WHAT THE TASK REQUIRES: The pictures in the listing below are to be skipped, while the lines between the line holding "本站消息,根据天眼查APP显" and the line holding "ダスティブルームエンブロイダ", inclusive, are to be output exactly.

RECORDED DATA:
───

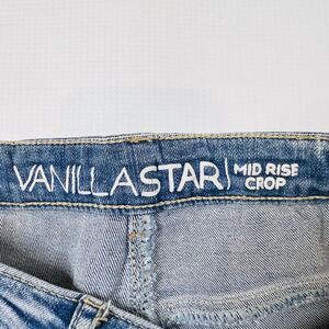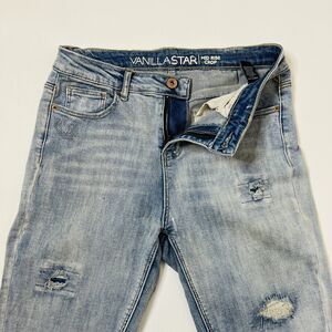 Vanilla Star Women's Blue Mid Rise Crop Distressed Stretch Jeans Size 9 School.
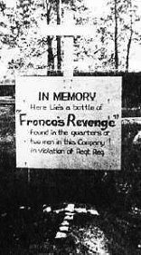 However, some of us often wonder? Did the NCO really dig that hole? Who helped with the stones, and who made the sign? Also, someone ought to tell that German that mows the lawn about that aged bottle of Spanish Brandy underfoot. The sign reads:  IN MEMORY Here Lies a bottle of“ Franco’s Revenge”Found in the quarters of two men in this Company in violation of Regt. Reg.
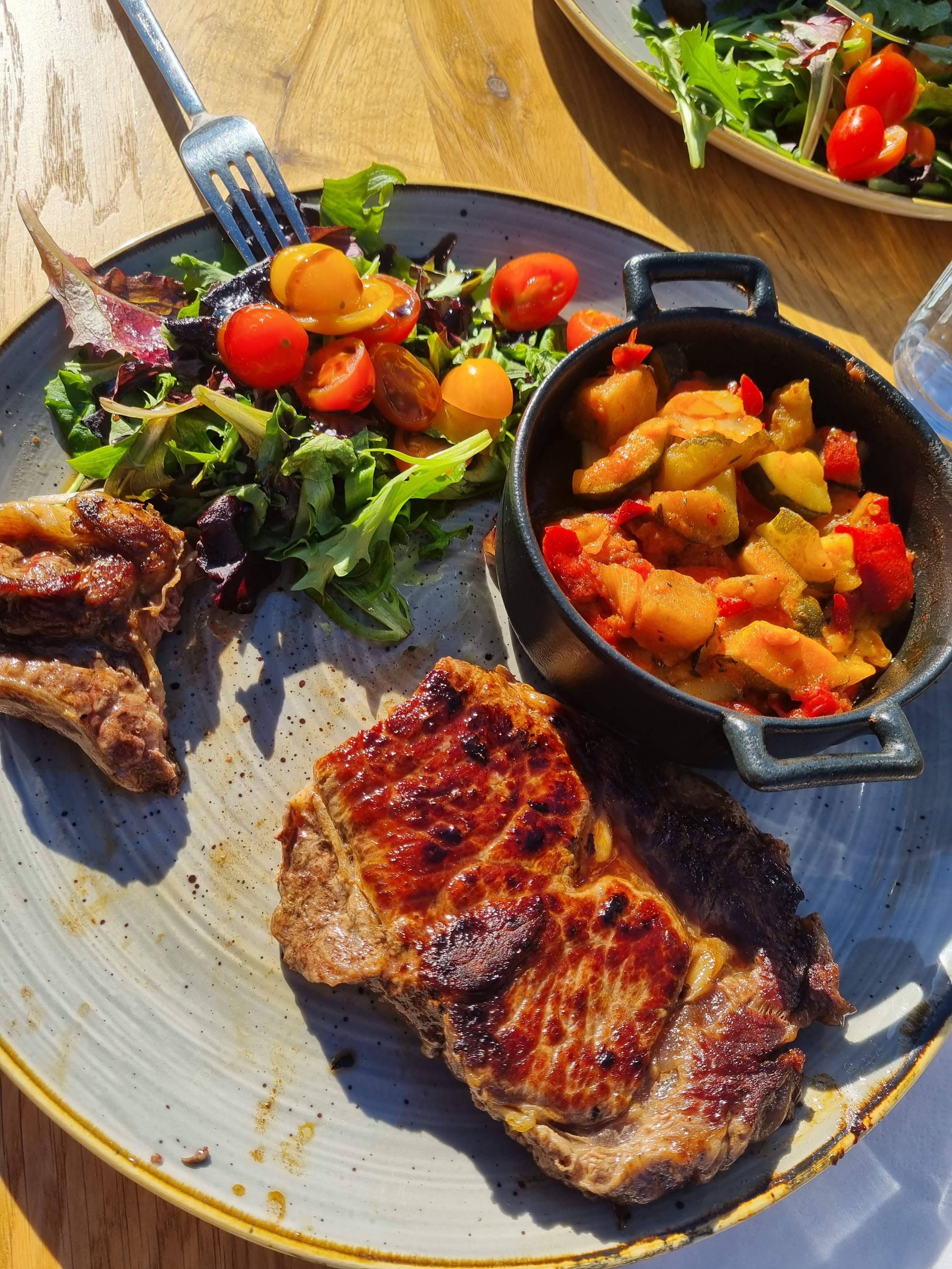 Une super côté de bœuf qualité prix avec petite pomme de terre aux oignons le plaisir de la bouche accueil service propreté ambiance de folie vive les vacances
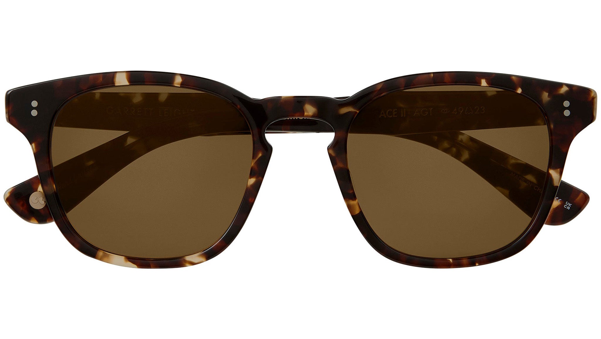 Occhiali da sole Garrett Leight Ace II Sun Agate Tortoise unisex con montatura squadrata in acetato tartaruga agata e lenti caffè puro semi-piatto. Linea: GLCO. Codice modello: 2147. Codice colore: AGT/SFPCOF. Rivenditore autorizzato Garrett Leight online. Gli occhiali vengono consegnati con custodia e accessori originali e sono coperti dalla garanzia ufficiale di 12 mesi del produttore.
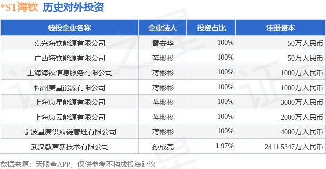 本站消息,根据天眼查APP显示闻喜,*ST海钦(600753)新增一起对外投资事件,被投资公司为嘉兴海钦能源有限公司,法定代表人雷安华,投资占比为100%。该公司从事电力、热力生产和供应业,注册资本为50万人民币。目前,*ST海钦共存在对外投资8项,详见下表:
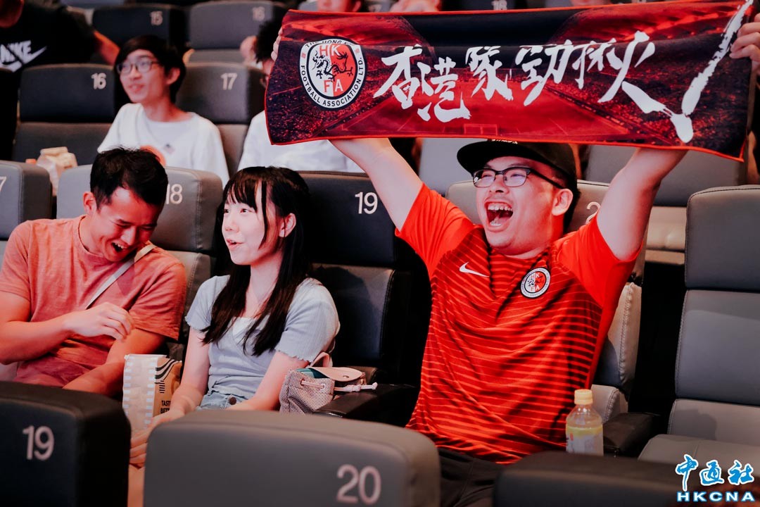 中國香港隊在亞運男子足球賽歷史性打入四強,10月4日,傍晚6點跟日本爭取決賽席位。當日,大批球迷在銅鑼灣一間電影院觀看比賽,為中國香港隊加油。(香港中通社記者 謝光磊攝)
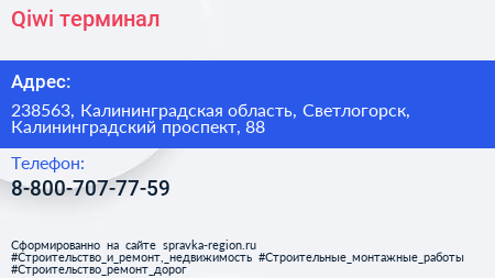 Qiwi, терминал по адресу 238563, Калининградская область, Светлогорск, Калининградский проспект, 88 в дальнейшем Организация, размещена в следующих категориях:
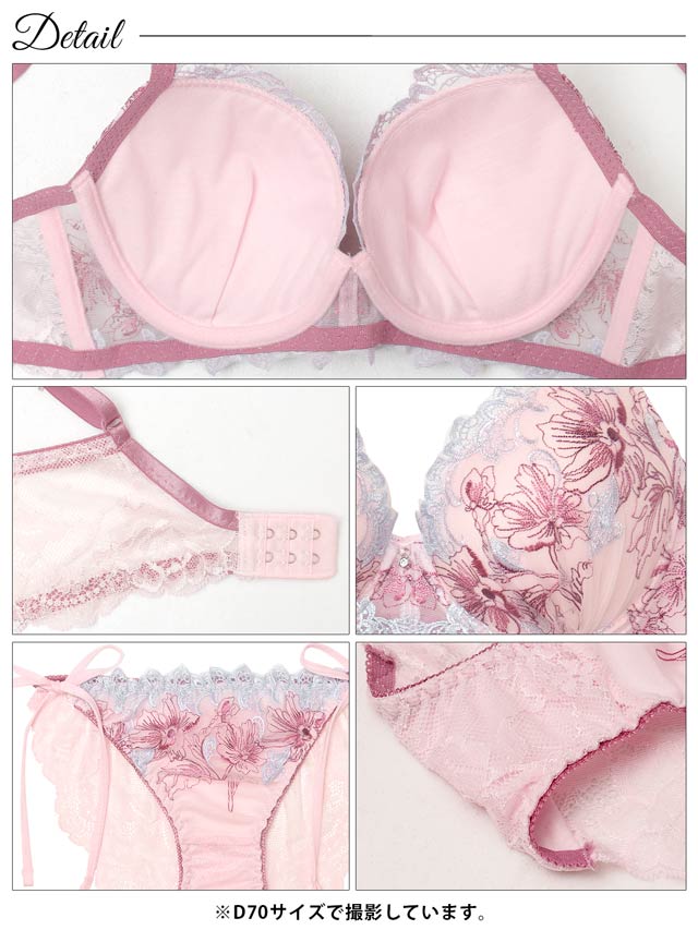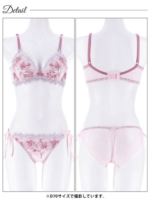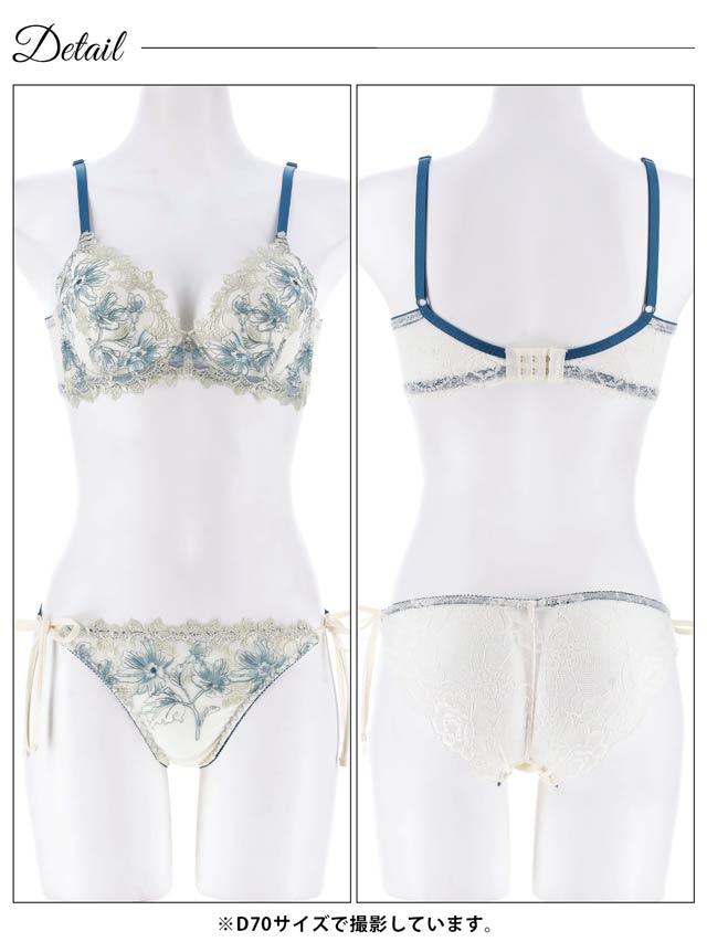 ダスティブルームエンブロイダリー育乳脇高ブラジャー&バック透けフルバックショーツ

───

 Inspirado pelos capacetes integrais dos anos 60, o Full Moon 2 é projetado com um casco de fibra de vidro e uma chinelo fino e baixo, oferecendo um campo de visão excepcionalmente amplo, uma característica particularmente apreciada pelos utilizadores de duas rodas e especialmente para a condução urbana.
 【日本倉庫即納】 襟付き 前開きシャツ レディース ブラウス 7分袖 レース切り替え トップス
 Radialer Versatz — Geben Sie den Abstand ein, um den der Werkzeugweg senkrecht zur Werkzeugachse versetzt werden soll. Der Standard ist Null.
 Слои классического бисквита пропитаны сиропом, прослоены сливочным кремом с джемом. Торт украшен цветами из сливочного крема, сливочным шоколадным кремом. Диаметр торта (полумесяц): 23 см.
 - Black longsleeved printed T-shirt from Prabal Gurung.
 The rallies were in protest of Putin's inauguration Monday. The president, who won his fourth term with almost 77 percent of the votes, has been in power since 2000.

───

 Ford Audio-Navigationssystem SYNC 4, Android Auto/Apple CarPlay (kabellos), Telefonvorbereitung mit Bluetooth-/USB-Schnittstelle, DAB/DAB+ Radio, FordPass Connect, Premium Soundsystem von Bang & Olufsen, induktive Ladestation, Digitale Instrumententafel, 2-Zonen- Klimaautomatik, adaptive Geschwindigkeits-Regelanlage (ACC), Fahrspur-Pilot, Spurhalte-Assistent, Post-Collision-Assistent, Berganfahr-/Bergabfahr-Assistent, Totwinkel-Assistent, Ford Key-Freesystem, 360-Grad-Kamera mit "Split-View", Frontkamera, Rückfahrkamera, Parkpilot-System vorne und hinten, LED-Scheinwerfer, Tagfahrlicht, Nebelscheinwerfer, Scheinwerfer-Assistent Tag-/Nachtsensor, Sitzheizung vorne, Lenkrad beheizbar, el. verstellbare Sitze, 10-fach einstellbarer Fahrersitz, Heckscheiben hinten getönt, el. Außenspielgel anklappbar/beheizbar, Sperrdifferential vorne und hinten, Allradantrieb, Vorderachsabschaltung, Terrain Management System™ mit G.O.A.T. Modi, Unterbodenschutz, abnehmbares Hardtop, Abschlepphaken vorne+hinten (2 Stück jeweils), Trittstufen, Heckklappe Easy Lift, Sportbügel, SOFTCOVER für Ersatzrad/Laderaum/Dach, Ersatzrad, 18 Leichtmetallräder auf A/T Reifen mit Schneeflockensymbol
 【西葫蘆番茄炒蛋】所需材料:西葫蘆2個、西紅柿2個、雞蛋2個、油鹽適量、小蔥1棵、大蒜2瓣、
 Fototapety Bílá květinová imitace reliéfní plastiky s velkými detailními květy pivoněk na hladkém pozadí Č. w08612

───

SOLUTION TO THIS PROBLEM:
 本站消息,根据天眼查APP显示闻喜,*ST海钦(600753)新增一起对外投资事件,被投资公司为嘉兴海钦能源有限公司,法定代表人雷安华,投资占比为100%。该公司从事电力、热力生产和供应业,注册资本为50万人民币。目前,*ST海钦共存在对外投资8项,详见下表:
 中國香港隊在亞運男子足球賽歷史性打入四強,10月4日,傍晚6點跟日本爭取決賽席位。當日,大批球迷在銅鑼灣一間電影院觀看比賽,為中國香港隊加油。(香港中通社記者 謝光磊攝)
 Qiwi, терминал по адресу 238563, Калининградская область, Светлогорск, Калининградский проспект, 88 в дальнейшем Организация, размещена в следующих категориях:
 ダスティブルームエンブロイダリー育乳脇高ブラジャー&バック透けフルバックショーツ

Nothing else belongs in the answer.